Eh sì, ce n’è da ragionare. E anche da scoprire. Inaspettatamente, molte di voi che hanno appoggiato la protesta delle giornaliste: la richiesta di qualche autoregolamentazione, o almeno distinzione rispetto a chi si presenta prevalentemente come testimonial dei brand, sorge proprio da molte fashion blogger che concepiscono il loro come un lavoro di reportage su novità, stili e tendenze.
Al contrario, anche qui a differenza di quanto mi aspettavo, autorevoli firme di moda della carta stampata vivono il cambiamento non come una minaccia ma come una ventata d’aria fresca: “Preoccuparmi? E perché?”, mi diceva ieri Daniela Monti, Corriere della Sera; “le fashion blogger hanno un linguaggio nuovo, spigliato, a loro modo lungimirante. E poi nessuno fa niente per niente, se gli stilisti le invitano alle sfilate vuol dire che sono riuscite a catturare l’attenzione delle maison”.
Forse è un sistema che andrebbe autoregolamentato: ma così facendo non si rischia di minare la sua freschezza, che è stato il vero elemento dirompente? Oppure si dovrebbe separare chi fa informazione da chi propone solo outfit: ma non si creerebbe così una nuova giovane casta della moda? Dite cosa ne pensate e ragioniamone insieme.

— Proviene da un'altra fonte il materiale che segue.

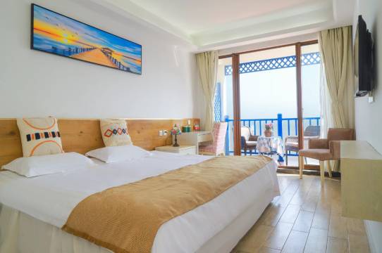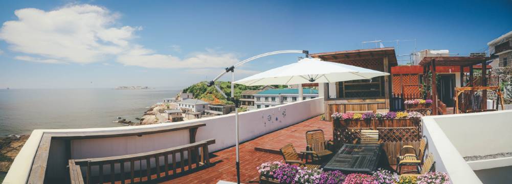 蔚蓝海景民宿位于东极主岛庙子湖岛,观光车可直达民宿,民宿拥有房型为全海景房,配备一个公共海景露台,多个房间配备海景私人露台,离海平面只有10米,在海景露台上小憩,品着红酒,听着海哭的声音,很是惬意!闲时看夕阳美景,云卷云舒,优享碧海蓝天,清风明月!

P.S. Caro anonimo che scrivi “ci vogliono nomi e fonti ufficiali, si vede che questo è un blog e non una testata giornalistica”: nel giornalismo si chiama “protezione delle fonti”. Io do una notizia, proteggo la fonte, ma ci metto la faccia e la firma. Il contrario di chi, come nel tuo commento, avanza insinuazioni restando nell’anonimato. Tranquillo, non siamo in un regime, e a nessuno viene tagliata la lingua.